Ğ - ğ - Not exactly a consonant, it rather distinguishes properties of the vowel it follows. When following a member of the 'dark' vowels (a, o, u, ı) it lengthens the vowel, causing it to be held for two beats instead of one. This is not the same as stress, but rather like the difference between 'saw off' and 'soft': the former 'aw' sound is held for twice the time of the latter. When following a member of the 'light' vowels (e, i, ö, ü) it becomes a gliding 'i' sound.
H - h
I - ı - Sounds like something between the 'i' of 'bit' and the 'e' of 'market'.
İ - i - Sounds like 'ee' in 'bee'. Note that the capital of this letter has a dot. I is not the capital version of 'i'. Makes sense, actually.
J - j - Sounds like 's' in 'pleasure'.
K - k
L - l
M - m
N - n
O - o - Sounds like 'oe' in 'hoe'.
Ö - ö - Sounds like 'ir' in 'sir' (Standard American English). It fits almost exactly with the ö of German.
P - p
R - r
S - s
Ş - ş - Sounds like 'sh' in 'sheep'.
T - t
U - u - Sounds like 'oo' in 'soon'.
Ü - ü - Not found in English. Try to say 'eeee' with your lips rounded. It fits almost exactly with the ü of German.
V - v
Y - y
Z - z


Thank you to eliserh and silencio for clarifying information.
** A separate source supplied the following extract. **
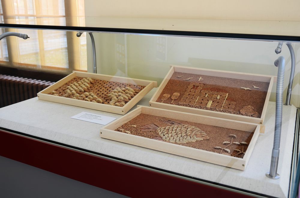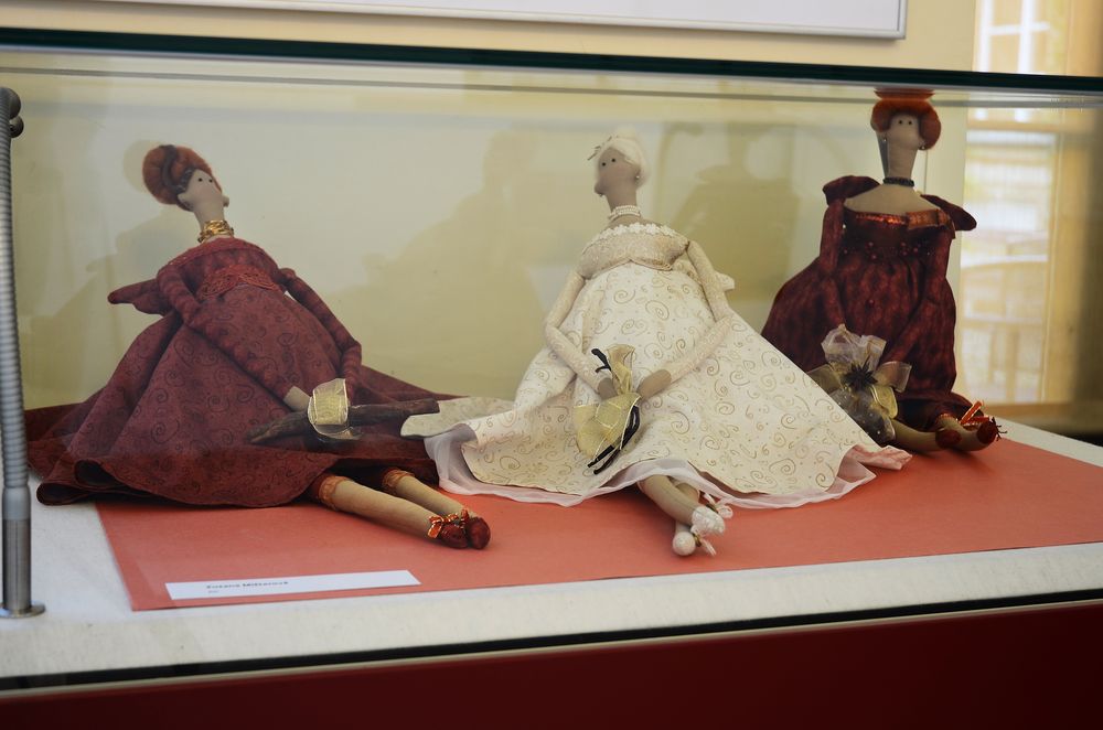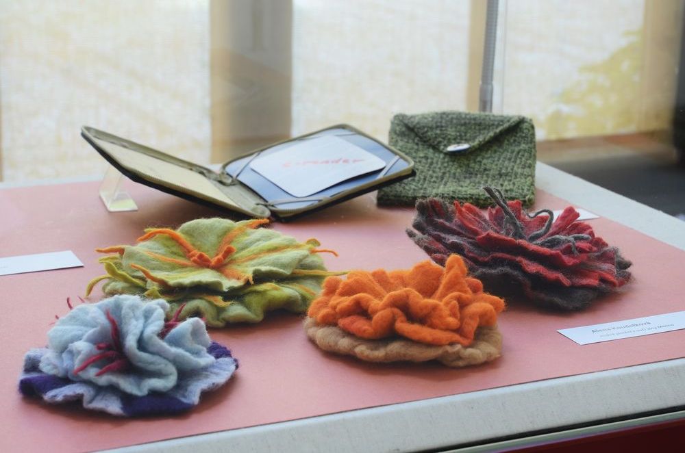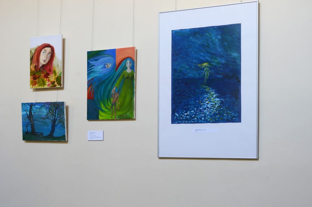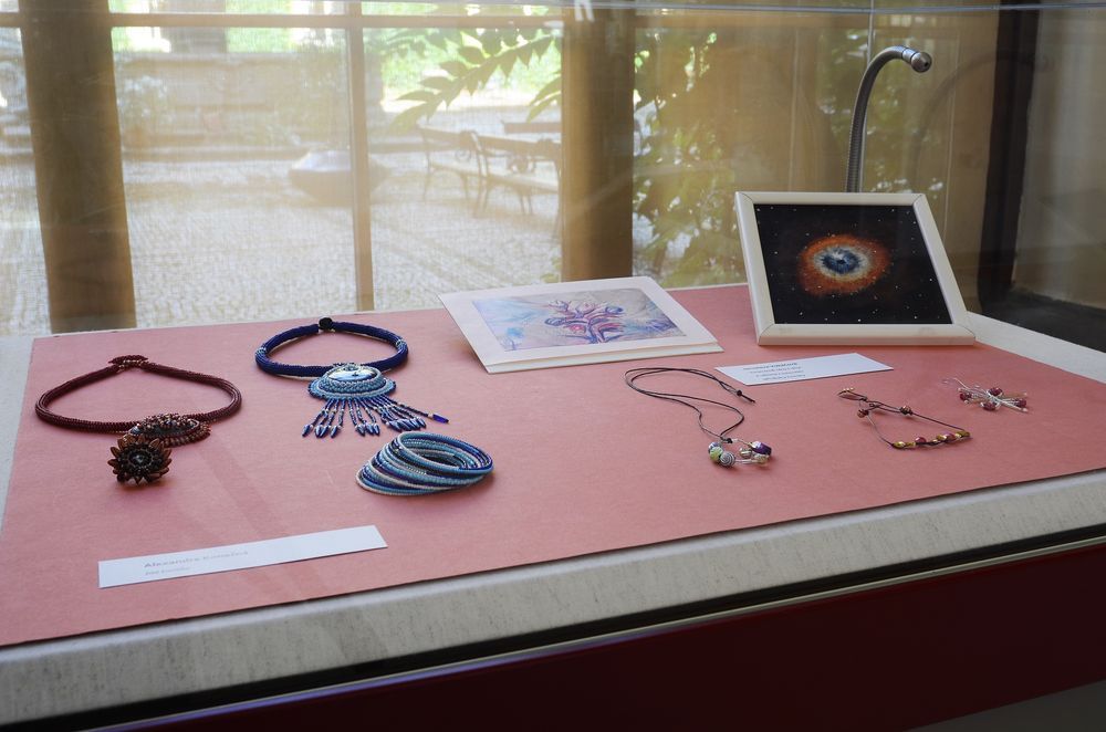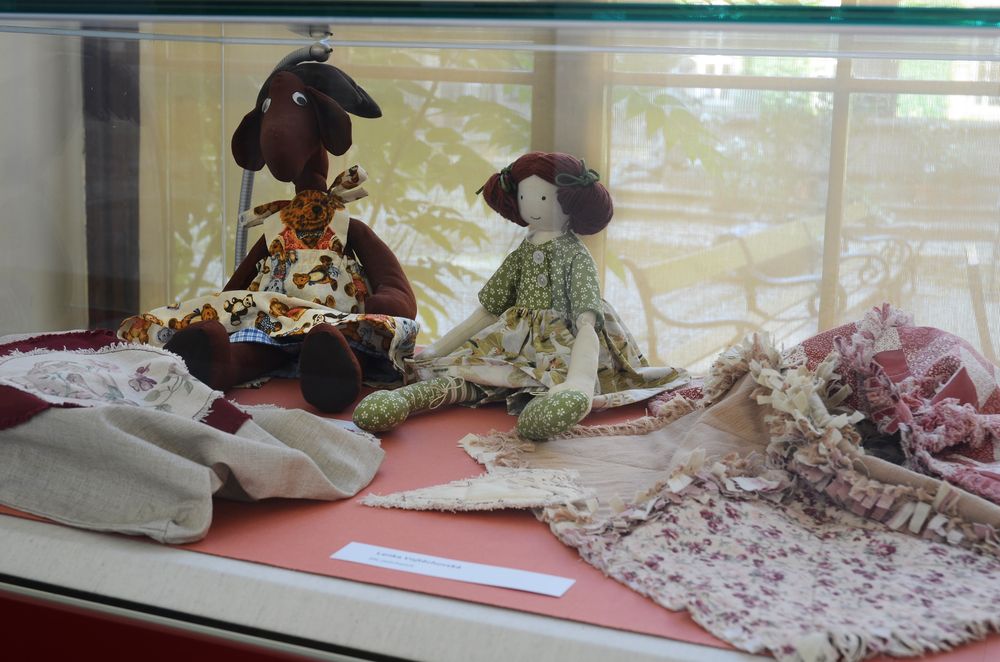 Fotogalerie z výstavy kreseb, maleb, keramiky, drátování, paličkování, smaltů, fotografií, prací z kůže, papíru, korku či textilu – patchworku, batiky, loutek aj. Autorkami vystavených prací jsou členky Klubu tvořivých knihovníků, který vznikl jako nová sekce Svazu knihovníků a informačních pracovníků (SKIP) v roce 2010 a sdružuje převážně knihovnice s výtvarným zaměřením. Foto: Eva Hodíková, NK ČR.

Unicode note. In addition to Western European accented letters ç ö ü (made as ç ö ü) Turkish has special letters that can be made as follows:
Ğ  Ğ   ğ  ğ   G-breve (yumuşak-G)
İ  İ               I dotted capital
            ı  ı   I undotted lowercase
Ş  Ş   ş  ş   S-cedilla
To what follows there are, as with any language, numerous minor exceptions: a full grammar would note them, but my sketch of the system does not need to. A few words, mainly borrowings from Arabic, partly disobey the general principles of Turkish.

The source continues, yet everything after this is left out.